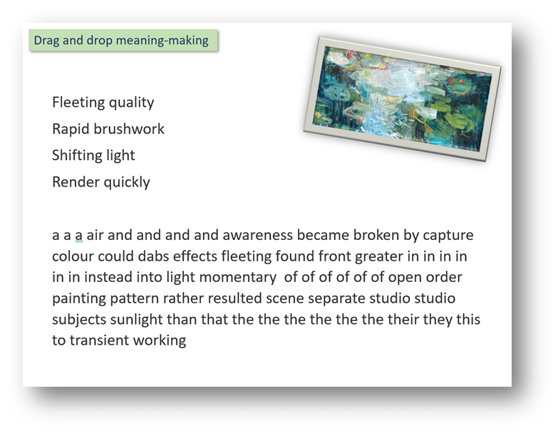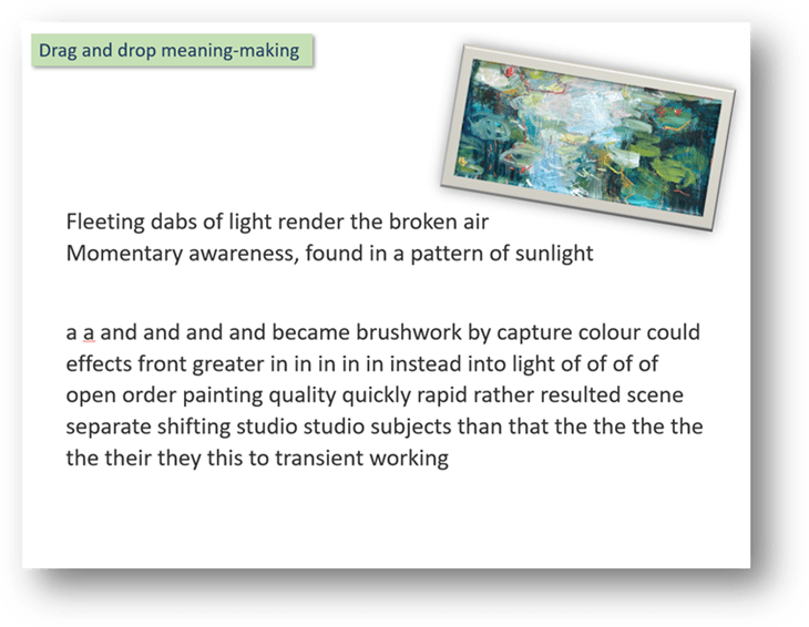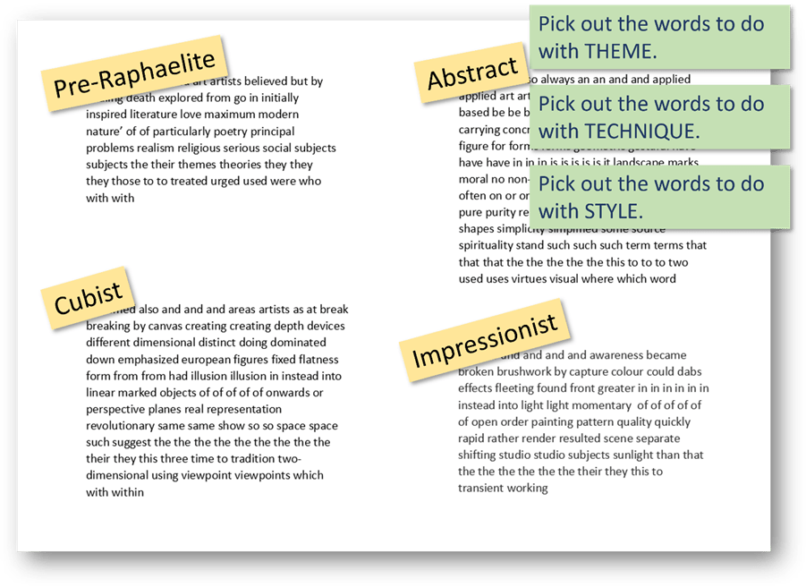 Then they might start to mine the texts for language to do with aspects of art, such as theme, technique or style. All without the distraction of actual sentences…
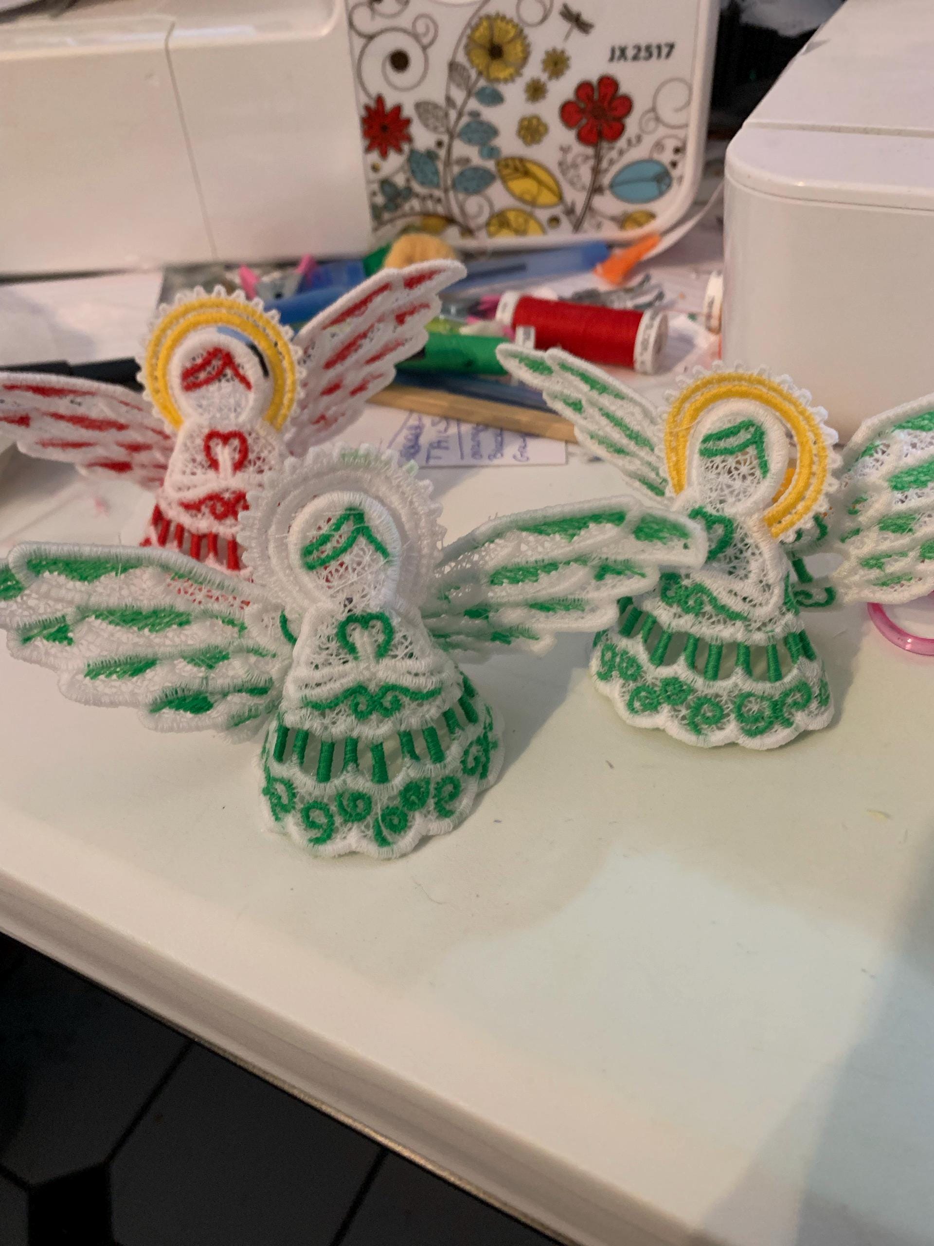 This makes a beautiful FSL angel! The stitching takes a while, but it is so worth it! These will make lovely gifts!
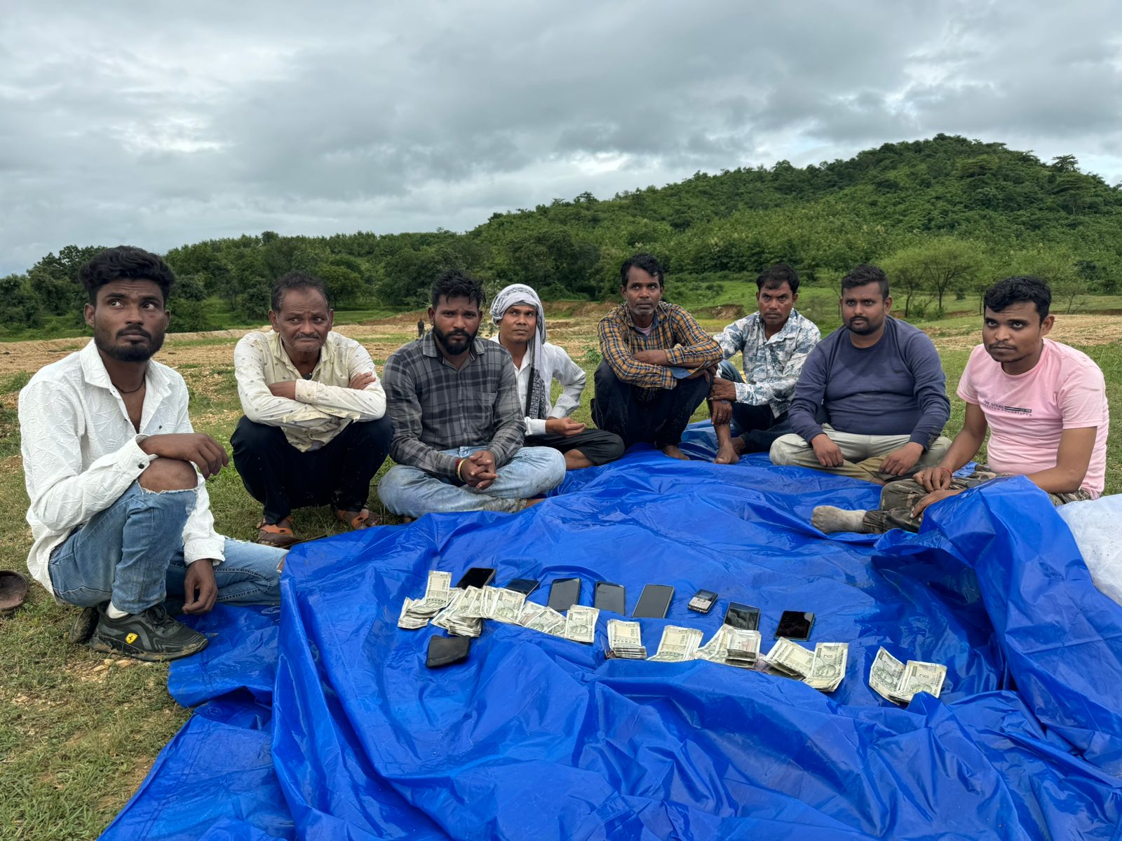 मुखबिर सूचना प्राप्त हुआ था कि गिधौरी पहरीपारा जंगल में कुछ लोग रुपये पैसों का दांव लगाकर 52 पत्ती ताश जुआ खेल रहे हैं, उक्त सूचना को तत्काल संज्ञान में लेते हुए वरिष्ठ अधिकारियों के मार्गदर्शन में टीम गठित कर गिधौरी पहरीपारा जंगल में पहाड़ी के ऊपर जुआ फड़ में रेड की कार्यवाही की गई, पुलिस को देखकर जुआरी भागने लगे जिन्हें दौड़ाकर पुलिस टीम द्वारा 8 जुआरियों को पकड़ने में सफलता मिली है। जुआ फड़ से नगदी रक़म 62500.00 एवं 8 नग मोबाइल जुमला क़ीमती 150000.00 (एक लाख पचास हज़ार रू) को बरामद कर जप्त किया गया है। अन्य जुआरी जो पुलिस टीम को देखकर भागे है, उनका पता तलाश किया जा रहा है। उरगा पुलिस की असामाजिक तत्वों पर कार्यवाही लगातार जारी रहेगी।
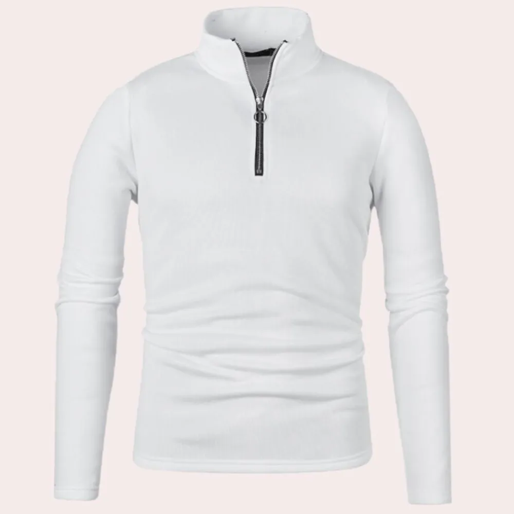 Hier heb je onze Maximilian Stijlvolle en warme herensweater met rits, Deze trui is zowel comfortabel als stijlvol voor het uitgaan, maar ook voor thuis op de bank. Deze trui is gemaakt van een comfortabele stof die geschikt is voor de lente, herfst en winter.
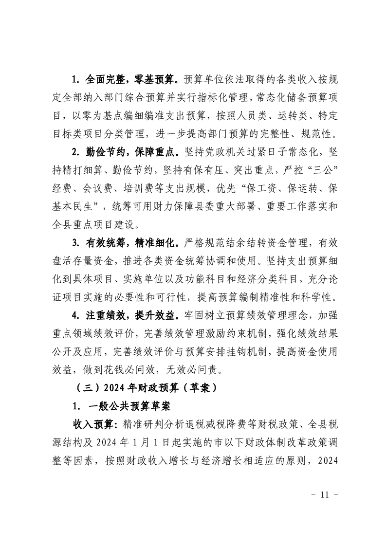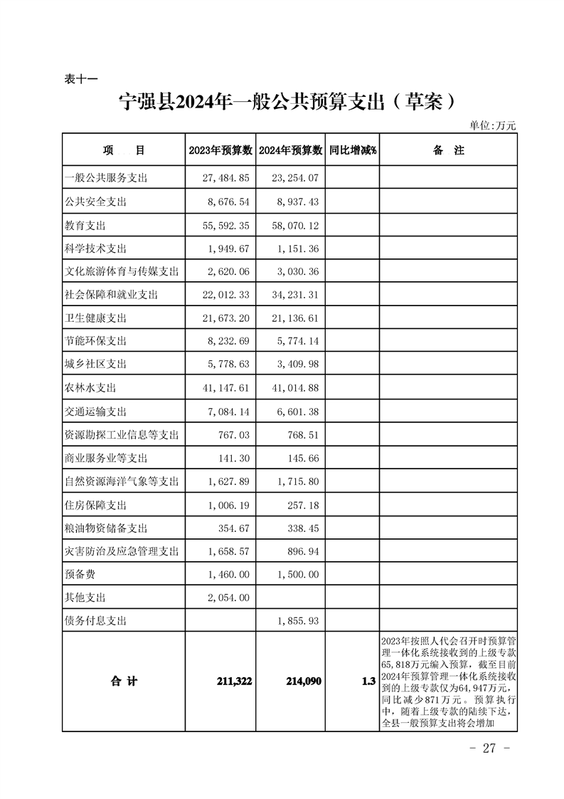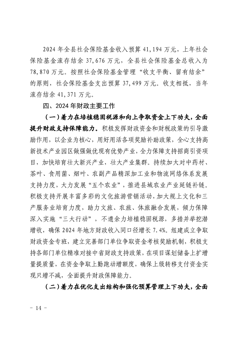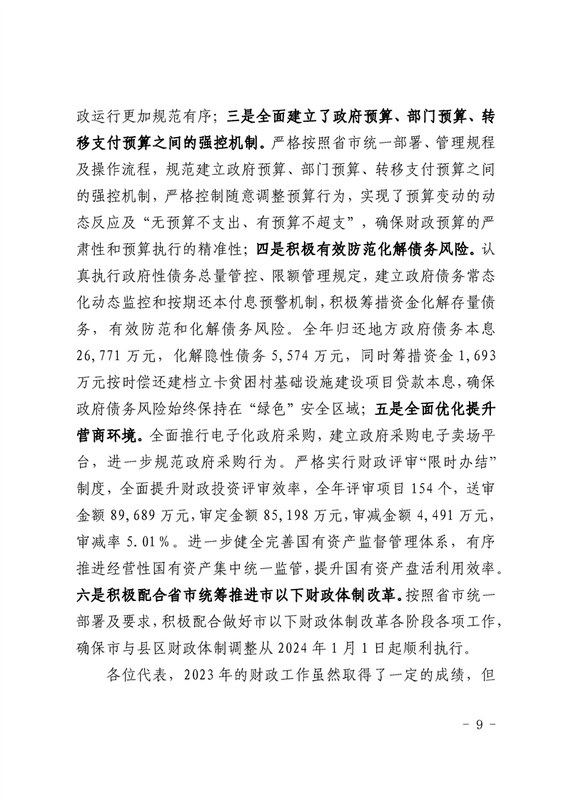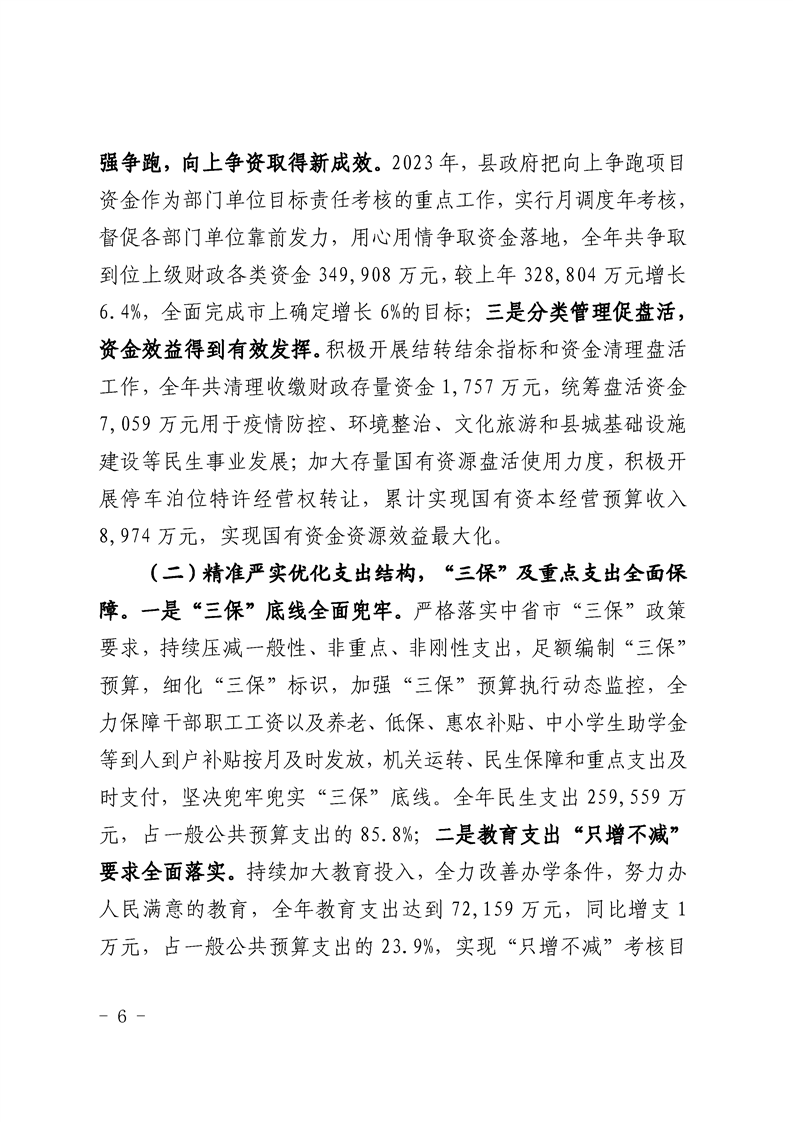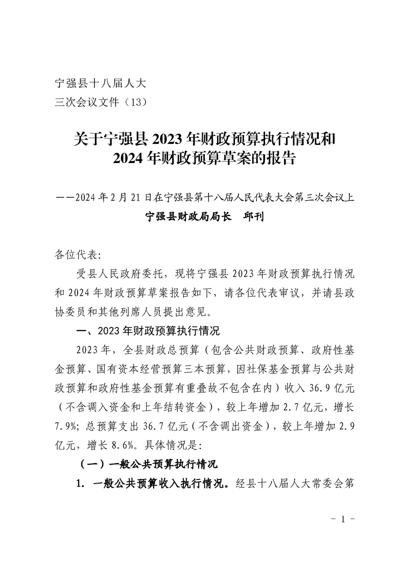 寧強縣2023年財政預算執行情況和2024年財政預算草案的報告

**YOUR OBJECTIVE**
Apart from the images, print all the material above exactly as given.

**WRITTEN RESPONSE**
 Then they might start to mine the texts for language to do with aspects of art, such as theme, technique or style. All without the distraction of actual sentences…
 This makes a beautiful FSL angel! The stitching takes a while, but it is so worth it! These will make lovely gifts!
 मुखबिर सूचना प्राप्त हुआ था कि गिधौरी पहरीपारा जंगल में कुछ लोग रुपये पैसों का दांव लगाकर 52 पत्ती ताश जुआ खेल रहे हैं, उक्त सूचना को तत्काल संज्ञान में लेते हुए वरिष्ठ अधिकारियों के मार्गदर्शन में टीम गठित कर गिधौरी पहरीपारा जंगल में पहाड़ी के ऊपर जुआ फड़ में रेड की कार्यवाही की गई, पुलिस को देखकर जुआरी भागने लगे जिन्हें दौड़ाकर पुलिस टीम द्वारा 8 जुआरियों को पकड़ने में सफलता मिली है। जुआ फड़ से नगदी रक़म 62500.00 एवं 8 नग मोबाइल जुमला क़ीमती 150000.00 (एक लाख पचास हज़ार रू) को बरामद कर जप्त किया गया है। अन्य जुआरी जो पुलिस टीम को देखकर भागे है, उनका पता तलाश किया जा रहा है। उरगा पुलिस की असामाजिक तत्वों पर कार्यवाही लगातार जारी रहेगी।
 Hier heb je onze Maximilian Stijlvolle en warme herensweater met rits, Deze trui is zowel comfortabel als stijlvol voor het uitgaan, maar ook voor thuis op de bank. Deze trui is gemaakt van een comfortabele stof die geschikt is voor de lente, herfst en winter.
 寧強縣2023年財政預算執行情況和2024年財政預算草案的報告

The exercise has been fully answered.